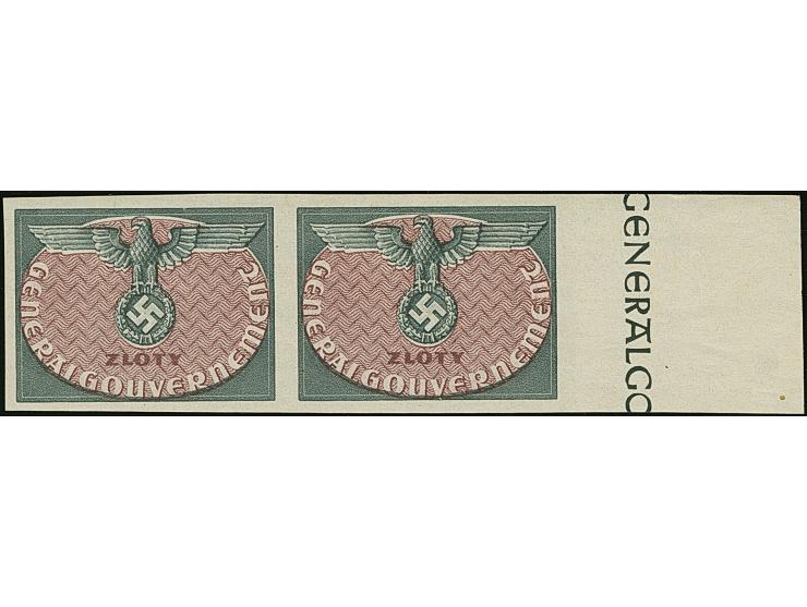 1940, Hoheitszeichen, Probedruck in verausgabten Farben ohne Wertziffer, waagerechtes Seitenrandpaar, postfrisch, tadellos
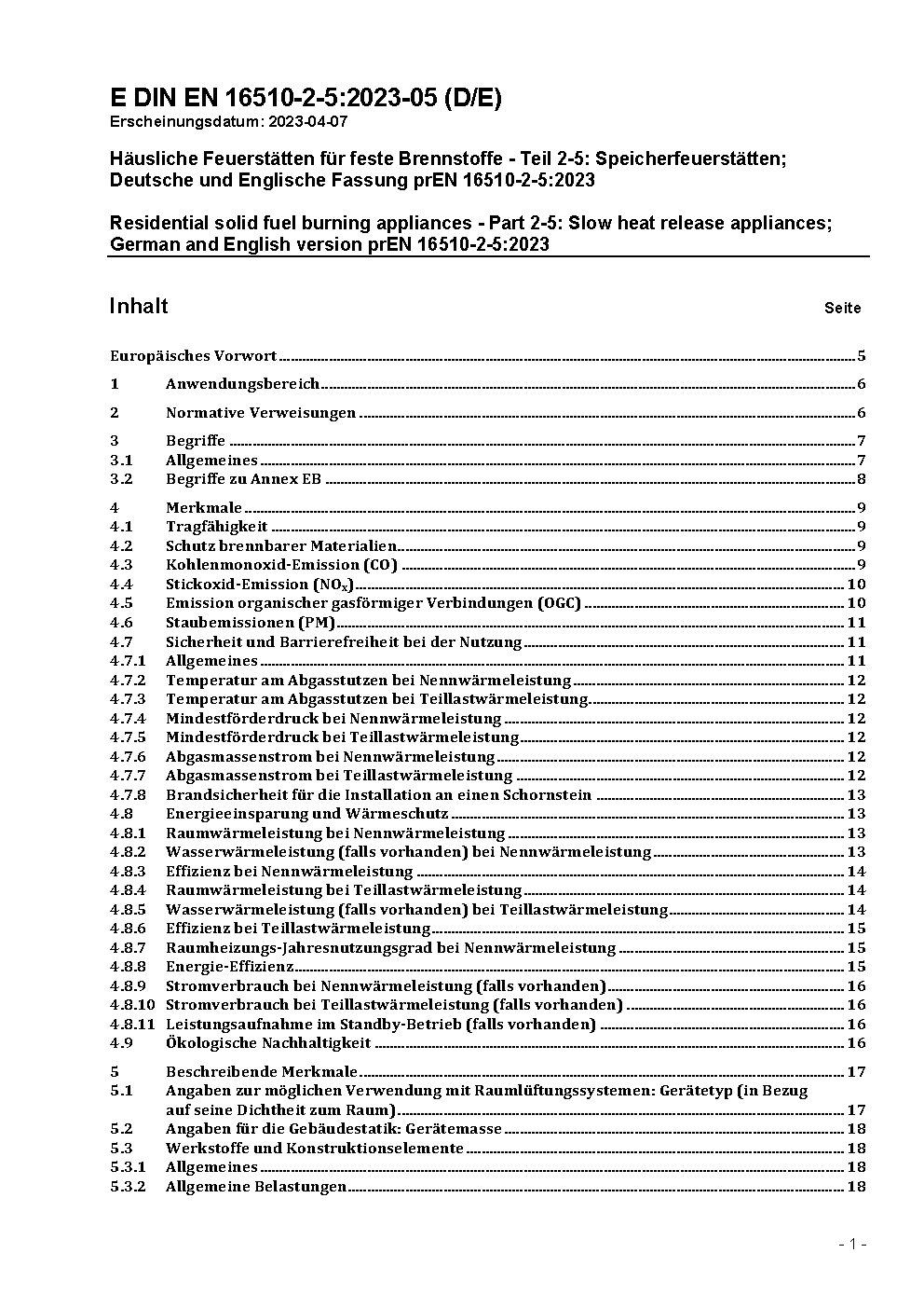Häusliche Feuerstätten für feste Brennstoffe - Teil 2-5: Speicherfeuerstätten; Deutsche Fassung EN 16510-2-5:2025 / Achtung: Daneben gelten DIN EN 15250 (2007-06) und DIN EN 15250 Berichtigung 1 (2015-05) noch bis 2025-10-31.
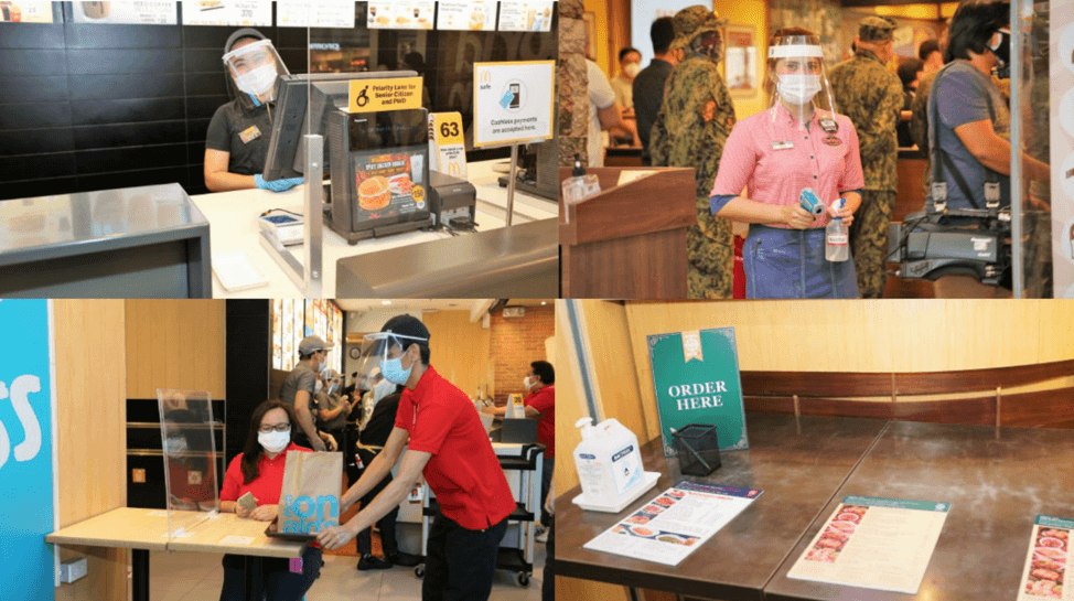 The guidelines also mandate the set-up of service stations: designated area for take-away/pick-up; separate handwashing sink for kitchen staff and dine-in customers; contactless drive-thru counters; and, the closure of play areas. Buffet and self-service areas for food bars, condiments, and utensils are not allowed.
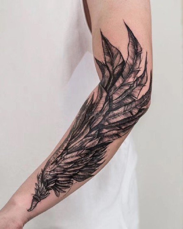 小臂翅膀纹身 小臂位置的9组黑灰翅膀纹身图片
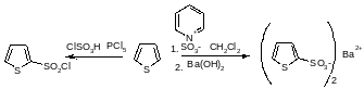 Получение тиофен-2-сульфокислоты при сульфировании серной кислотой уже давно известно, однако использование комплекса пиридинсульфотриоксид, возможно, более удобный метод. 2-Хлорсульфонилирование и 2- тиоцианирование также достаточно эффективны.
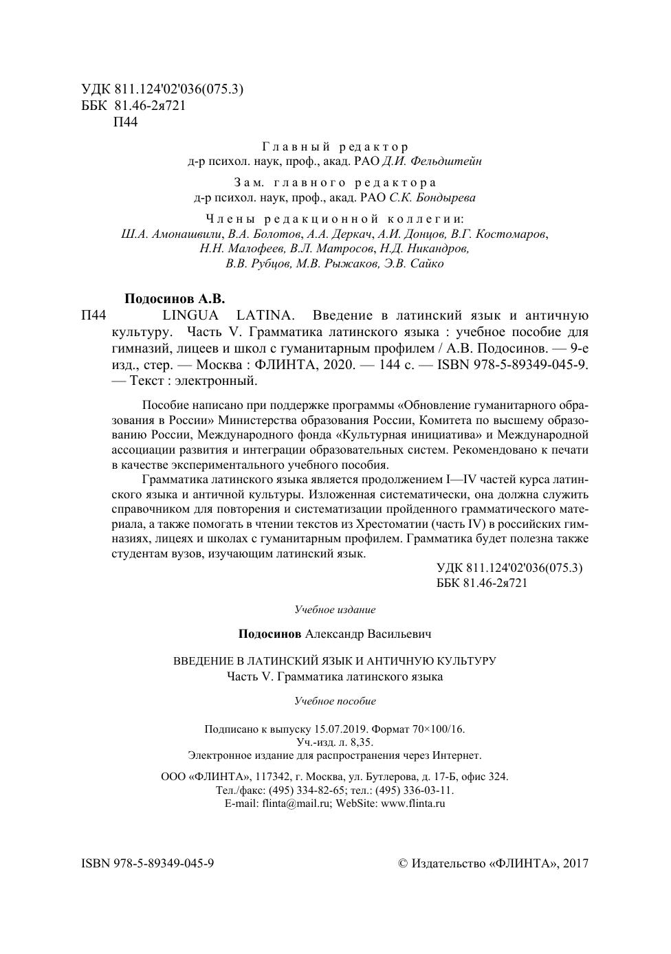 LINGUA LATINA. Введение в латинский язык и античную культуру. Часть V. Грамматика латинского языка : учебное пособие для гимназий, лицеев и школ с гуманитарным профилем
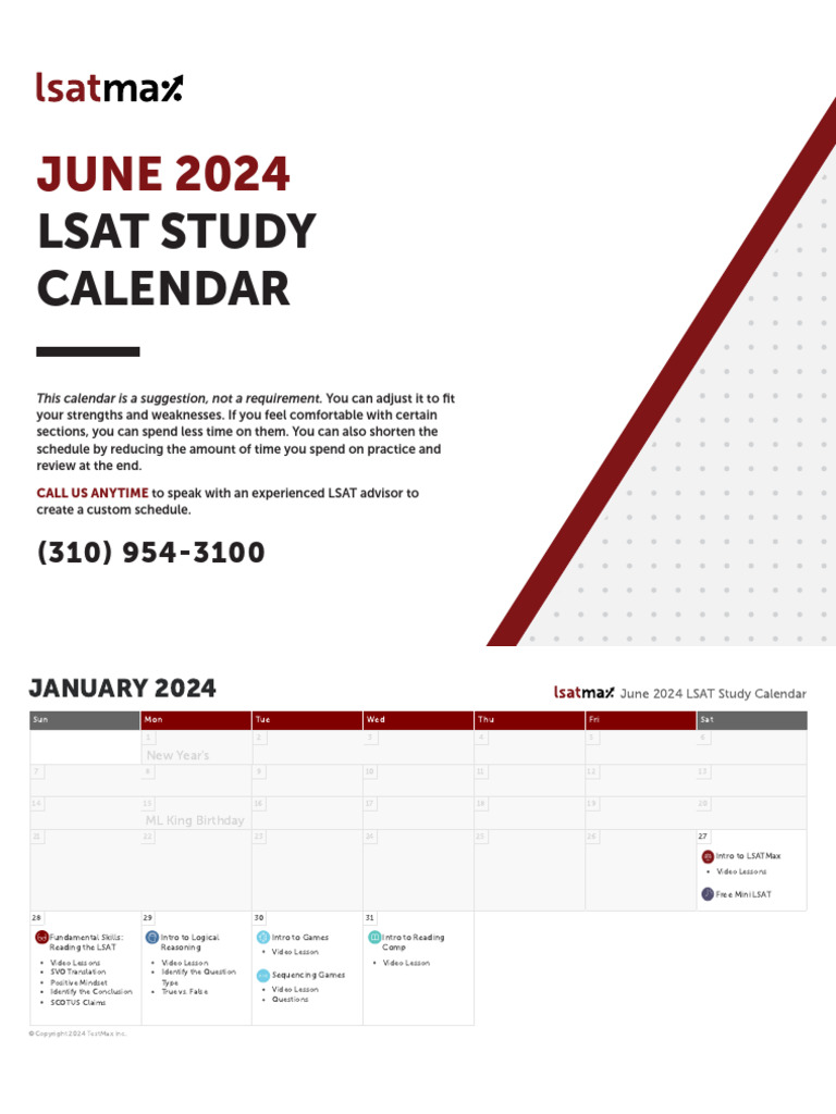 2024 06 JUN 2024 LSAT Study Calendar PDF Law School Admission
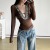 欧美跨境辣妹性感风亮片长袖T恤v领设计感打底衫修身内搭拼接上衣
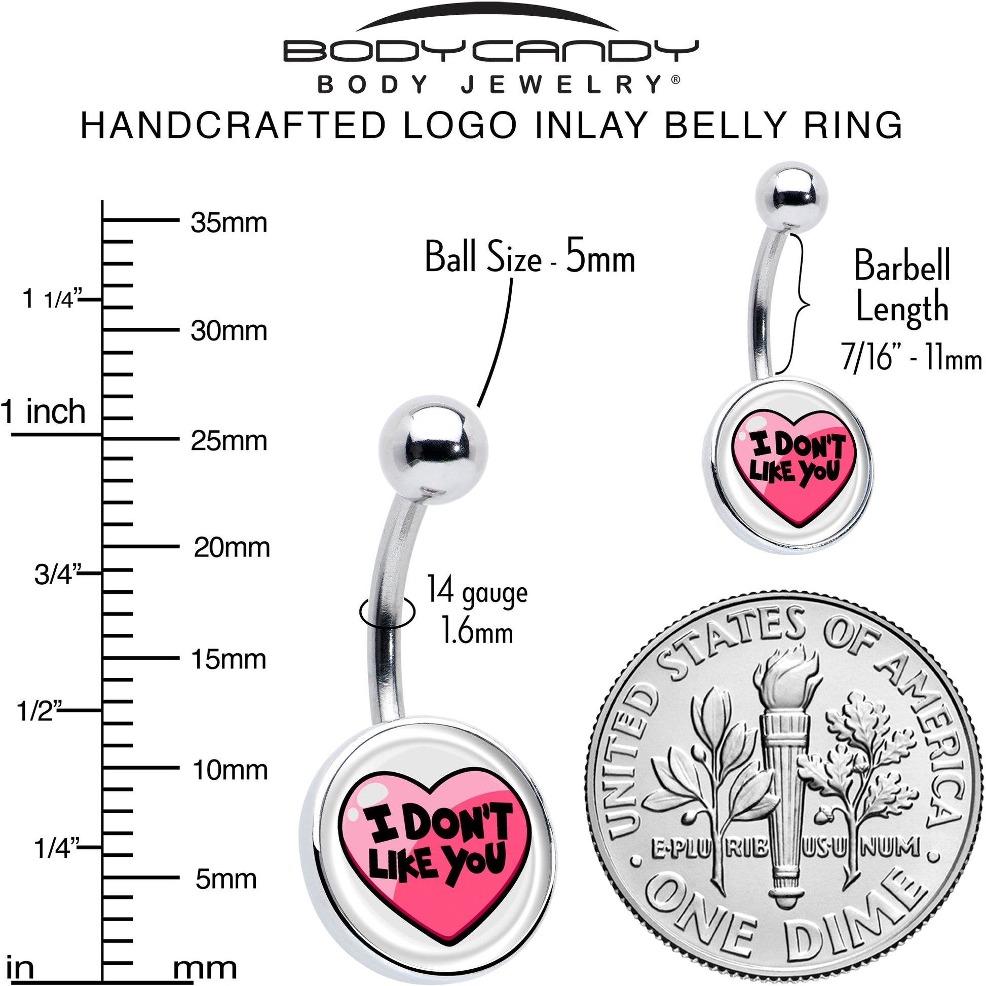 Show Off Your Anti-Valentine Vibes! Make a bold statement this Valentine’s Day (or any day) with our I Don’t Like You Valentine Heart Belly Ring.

> EXERCISE:
Take the preceding listing and transcribe it exactly, skipping the pictures.

> ANSWER SPACE:
 1940, Hoheitszeichen, Probedruck in verausgabten Farben ohne Wertziffer, waagerechtes Seitenrandpaar, postfrisch, tadellos
Häusliche Feuerstätten für feste Brennstoffe - Teil 2-5: Speicherfeuerstätten; Deutsche Fassung EN 16510-2-5:2025 / Achtung: Daneben gelten DIN EN 15250 (2007-06) und DIN EN 15250 Berichtigung 1 (2015-05) noch bis 2025-10-31.
 The guidelines also mandate the set-up of service stations: designated area for take-away/pick-up; separate handwashing sink for kitchen staff and dine-in customers; contactless drive-thru counters; and, the closure of play areas. Buffet and self-service areas for food bars, condiments, and utensils are not allowed.
 小臂翅膀纹身 小臂位置的9组黑灰翅膀纹身图片
 Получение тиофен-2-сульфокислоты при сульфировании серной кислотой уже давно известно, однако использование комплекса пиридинсульфотриоксид, возможно, более удобный метод. 2-Хлорсульфонилирование и 2- тиоцианирование также достаточно эффективны.
 LINGUA LATINA. Введение в латинский язык и античную культуру. Часть V. Грамматика латинского языка : учебное пособие для гимназий, лицеев и школ с гуманитарным профилем
 2024 06 JUN 2024 LSAT Study Calendar PDF Law School Admission
 欧美跨境辣妹性感风亮片长袖T恤v领设计感打底衫修身内搭拼接上衣
 Show Off Your Anti-Valentine Vibes! Make a bold statement this Valentine’s Day (or any day) with our I Don’t Like You Valentine Heart Belly Ring.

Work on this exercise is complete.